Segment Start: GIVEN INFORMATION

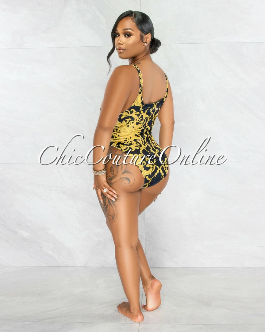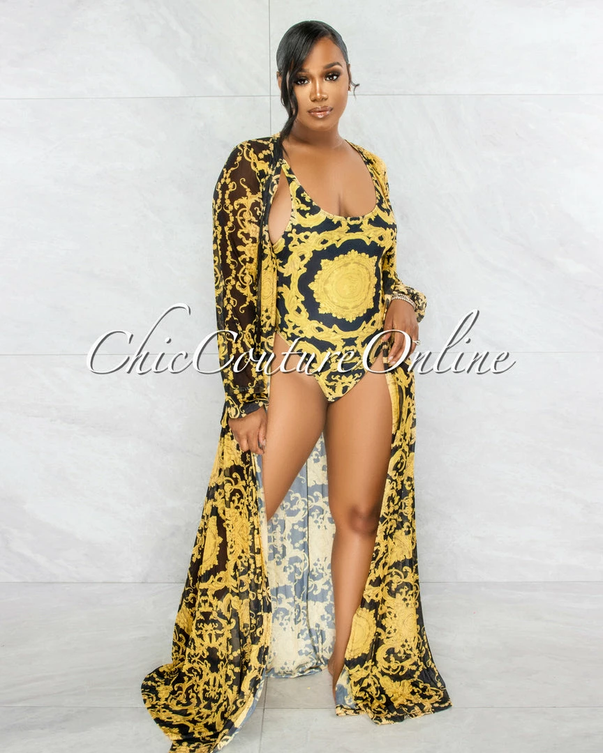 Add some prints to your look with this cover up set. Featuring a one piece matching swim for a look we are loving.
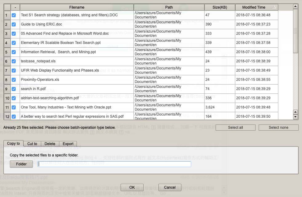 Wenn nach der Suche einige Suchergebnisse vorhanden sind, klicken Sie auf die Schaltfläche "Batch Op", um alle Suchergebnisse, die die Bedingungen erfüllen, stapelweise zu verarbeiten. Im Popup-Fenster können Sie alle relevanten Dateien kopieren und in das angegebene Verzeichnis ausschneiden oder alle löschen oder alle Suchergebnisse exportieren.
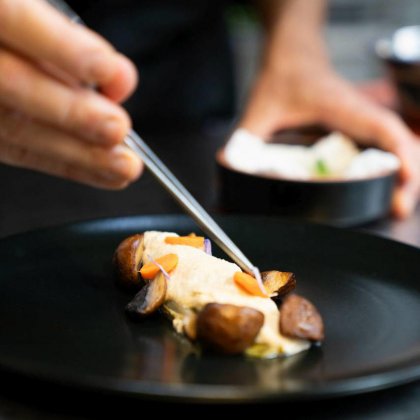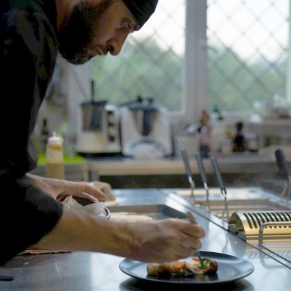 Our restaurant offers a completely plant-based menu with tasting options and is open to the public. Let yourself be surprised by the creativity of our chefs — savor flavorful and colorful dishes that combine traditional country cooking with modern culinary innovation, using produce from our garden and from local farms.
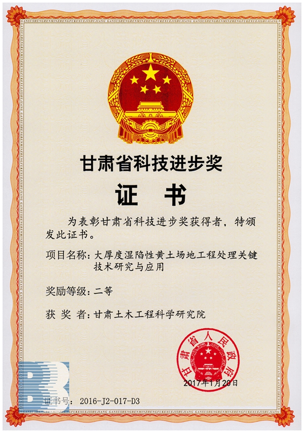 《大厚度湿陷性黄土场地工程处理关键技术研究与应用》(2016年度甘肃省科技进步二等奖)
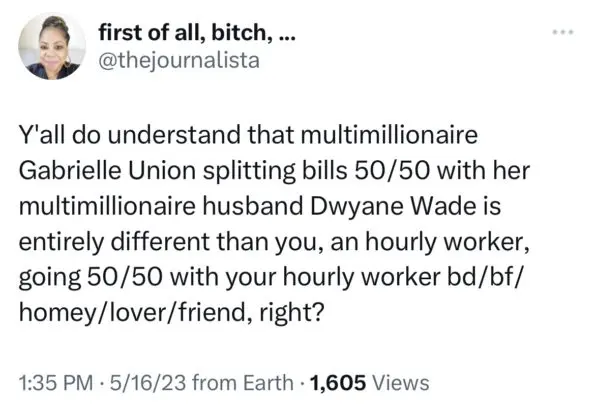 “Gabrielle Union is trending because she said she splits the bills 50/50 with Dwyane Wade. I can’t think of a bigger waste of time than worrying about how married people handle their finances, especially if you’re single.”
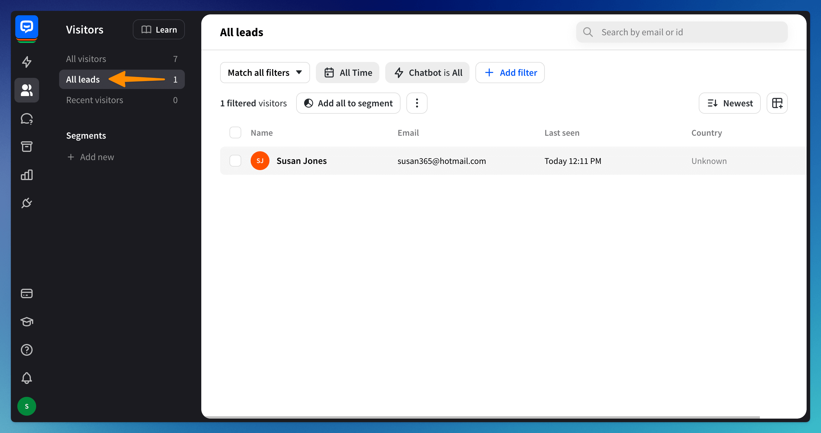 This section shows all the leads your bot has gathered during chats. The Add to leads action in the bot flow lets you decide which visitors will be here. You can gather sales leads, marketing leads, or support leads here.
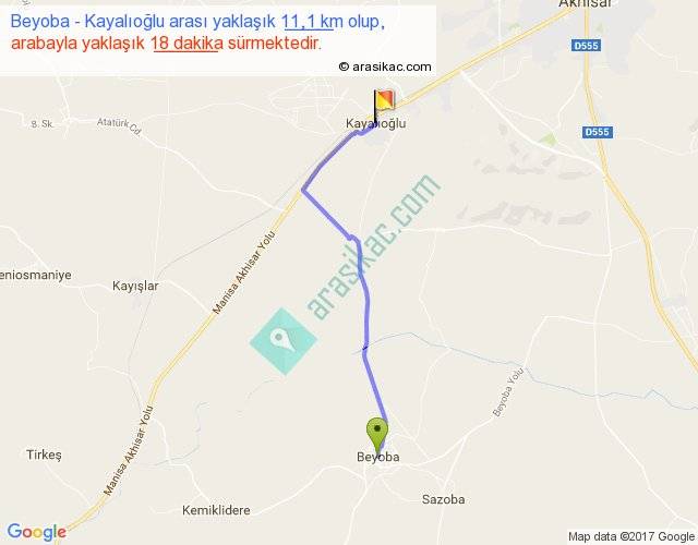 Beyoba - Kayalıoğlu arası yaklaşık olarak 90 km/h ile yukarıda belirtilen sürede olup, iki yerin kuş uçuşu uzaklığı (mesafesi) 9'dir. Yolculuk otobüsle 23 dakika sürmektedir.
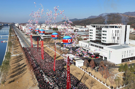 새시대 국가건설사에 특기할 력사의 화폭이 펼쳐진 준공식장에 꽃보라가 흩날리고 수많은 고무풍선들이 날아올랐다.
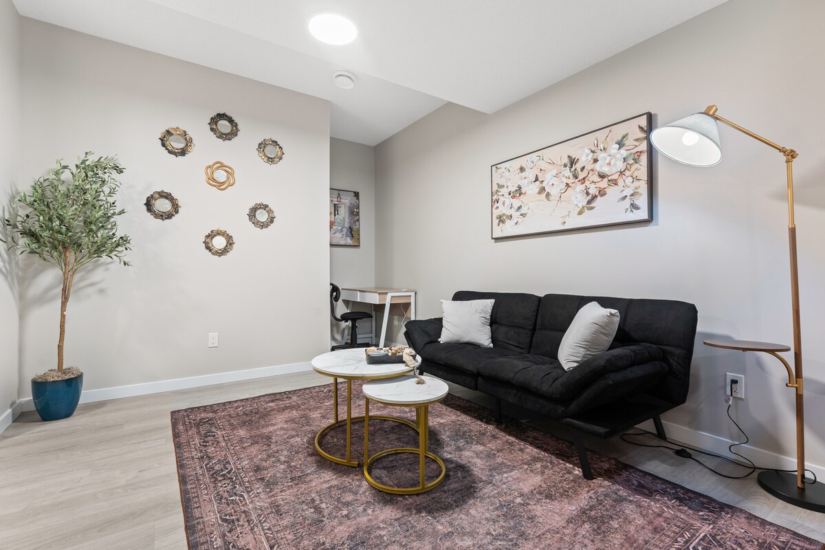 🏡 主要特色 ✔️ 明亮、一塵不染的合法地下室套房 ✔️ 2間睡房,配有大床和酒店級床單 ✔️僅限第5位旅人使用日式床墊–可應要求額外使用 ✔️廚房配有Keurig咖啡機 ✔️ 舒適的客廳,配有58吋智能電視✔️時尚室內懸掛椅 ✔️ 獨立入口及簡單的自行辦理入住手續 路邊或車道可✔️免費泊車 📍 附近 開車✔️2分鐘即可抵達購物中心 ✔️開車15分鐘即可抵達Rabbit Hill滑雪度假村 駕車✔️20分鐘即可抵達埃德蒙頓國際機場(YEG) 駕車✔️20分鐘即可抵達WEM
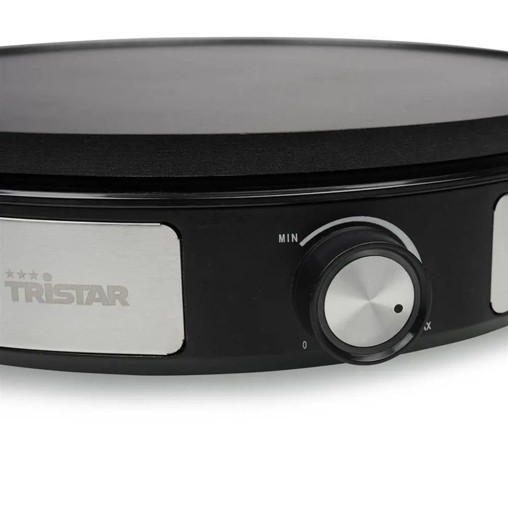 Poseduje nelepljivu ploču prečnika 33 cm, što olakšava pečenje i čišćenje nakon upotrebe. Podesivi termostat omogućava kontrolu temperature prema vrsti testa i željenom stepenu pečenja, dok maksimalna temperatura od 190°C obezbeđuje efikasnu pripremu. U pakovanju se nalazi i špatula za okretanje, za još lakše korišćenje.
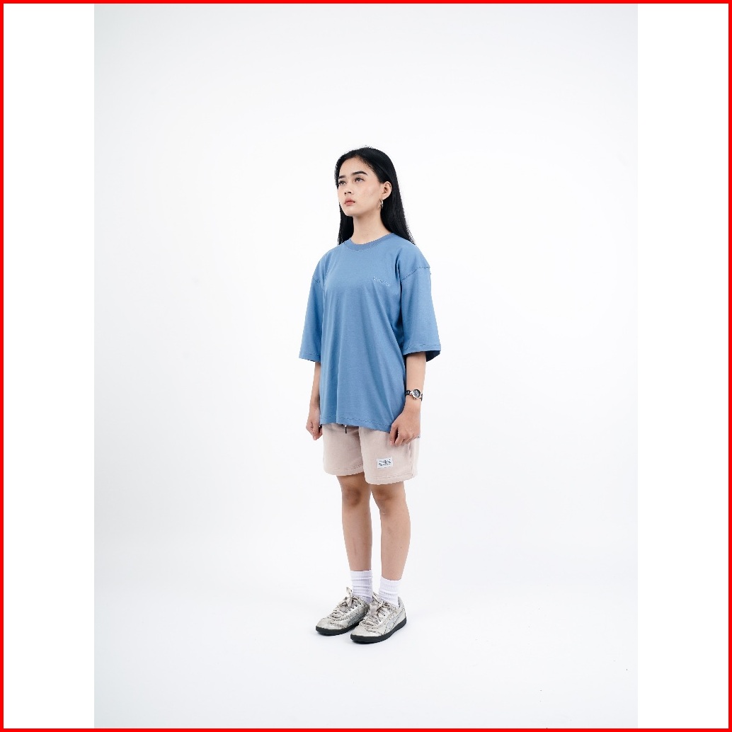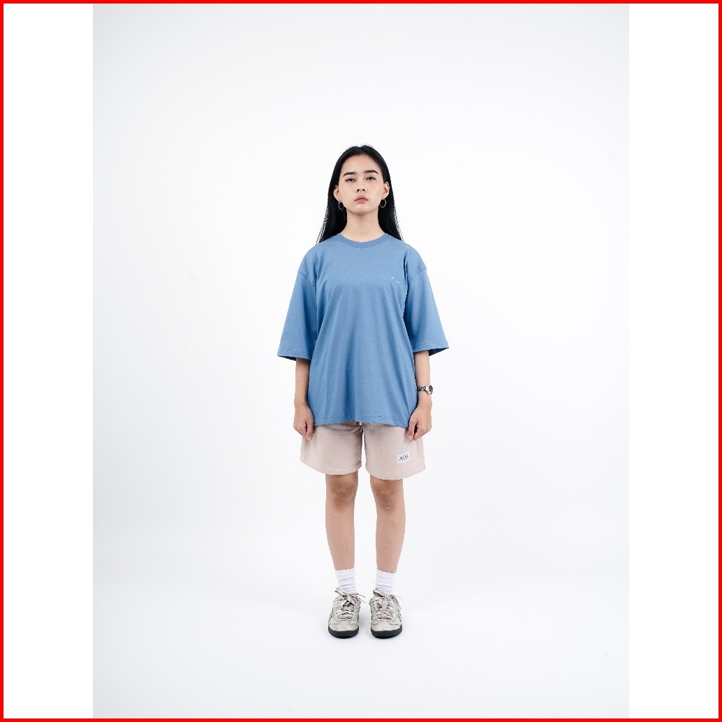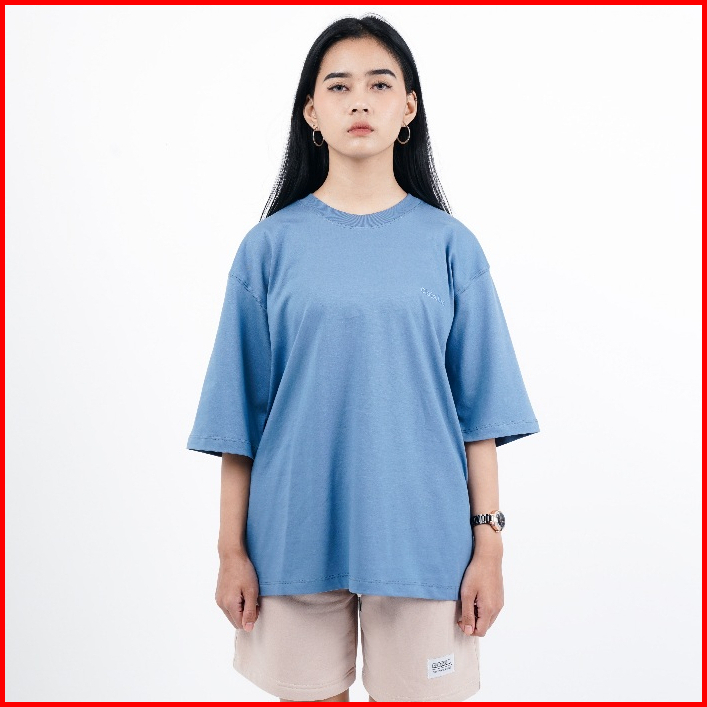 Clote Tshirt Oversize Boxy Fit Cotton Combed 24s Mono Embroidery Blue Denim M L Xl Xxl
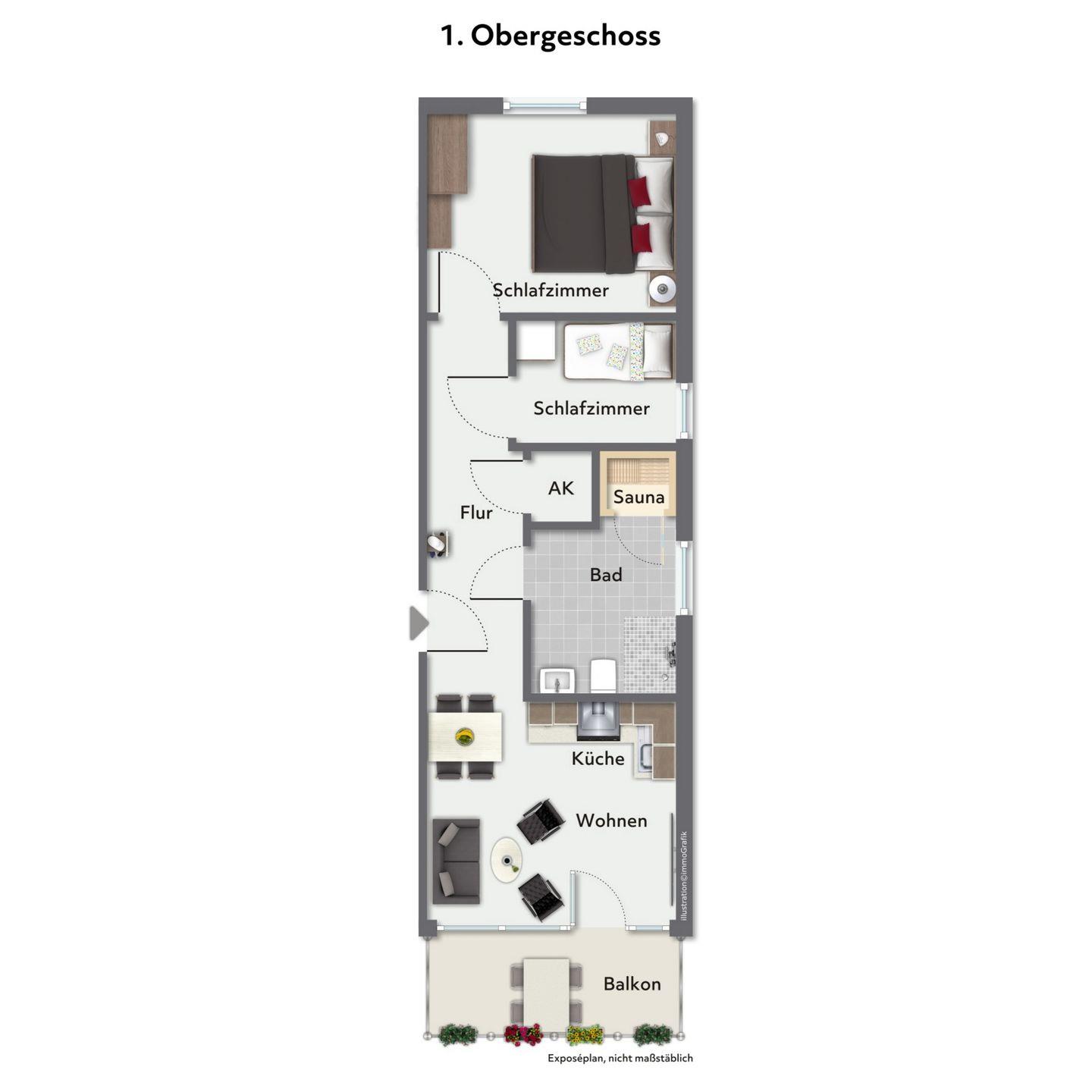 Die Ferienwohnung 04 im Haus 1 der Weißen Villen ist eine 3-Zimmer-Ferienwohnung im 1. Obergeschoss für maximal 4 Personen (2 Erwachsene + 2 Kinder).

Segment End: GIVEN INFORMATION

**THE TASK:** When restating the records word for word, omit any picture they contain.

**OUTPUT OF THE EXERCISE:**
 Add some prints to your look with this cover up set. Featuring a one piece matching swim for a look we are loving.
 Wenn nach der Suche einige Suchergebnisse vorhanden sind, klicken Sie auf die Schaltfläche "Batch Op", um alle Suchergebnisse, die die Bedingungen erfüllen, stapelweise zu verarbeiten. Im Popup-Fenster können Sie alle relevanten Dateien kopieren und in das angegebene Verzeichnis ausschneiden oder alle löschen oder alle Suchergebnisse exportieren.
 Our restaurant offers a completely plant-based menu with tasting options and is open to the public. Let yourself be surprised by the creativity of our chefs — savor flavorful and colorful dishes that combine traditional country cooking with modern culinary innovation, using produce from our garden and from local farms.
 《大厚度湿陷性黄土场地工程处理关键技术研究与应用》(2016年度甘肃省科技进步二等奖)
 “Gabrielle Union is trending because she said she splits the bills 50/50 with Dwyane Wade. I can’t think of a bigger waste of time than worrying about how married people handle their finances, especially if you’re single.”
 This section shows all the leads your bot has gathered during chats. The Add to leads action in the bot flow lets you decide which visitors will be here. You can gather sales leads, marketing leads, or support leads here.
 Beyoba - Kayalıoğlu arası yaklaşık olarak 90 km/h ile yukarıda belirtilen sürede olup, iki yerin kuş uçuşu uzaklığı (mesafesi) 9'dir. Yolculuk otobüsle 23 dakika sürmektedir.
 새시대 국가건설사에 특기할 력사의 화폭이 펼쳐진 준공식장에 꽃보라가 흩날리고 수많은 고무풍선들이 날아올랐다.
 🏡 主要特色 ✔️ 明亮、一塵不染的合法地下室套房 ✔️ 2間睡房,配有大床和酒店級床單 ✔️僅限第5位旅人使用日式床墊–可應要求額外使用 ✔️廚房配有Keurig咖啡機 ✔️ 舒適的客廳,配有58吋智能電視✔️時尚室內懸掛椅 ✔️ 獨立入口及簡單的自行辦理入住手續 路邊或車道可✔️免費泊車 📍 附近 開車✔️2分鐘即可抵達購物中心 ✔️開車15分鐘即可抵達Rabbit Hill滑雪度假村 駕車✔️20分鐘即可抵達埃德蒙頓國際機場(YEG) 駕車✔️20分鐘即可抵達WEM
 Poseduje nelepljivu ploču prečnika 33 cm, što olakšava pečenje i čišćenje nakon upotrebe. Podesivi termostat omogućava kontrolu temperature prema vrsti testa i željenom stepenu pečenja, dok maksimalna temperatura od 190°C obezbeđuje efikasnu pripremu. U pakovanju se nalazi i špatula za okretanje, za još lakše korišćenje.
 Clote Tshirt Oversize Boxy Fit Cotton Combed 24s Mono Embroidery Blue Denim M L Xl Xxl
 Die Ferienwohnung 04 im Haus 1 der Weißen Villen ist eine 3-Zimmer-Ferienwohnung im 1. Obergeschoss für maximal 4 Personen (2 Erwachsene + 2 Kinder).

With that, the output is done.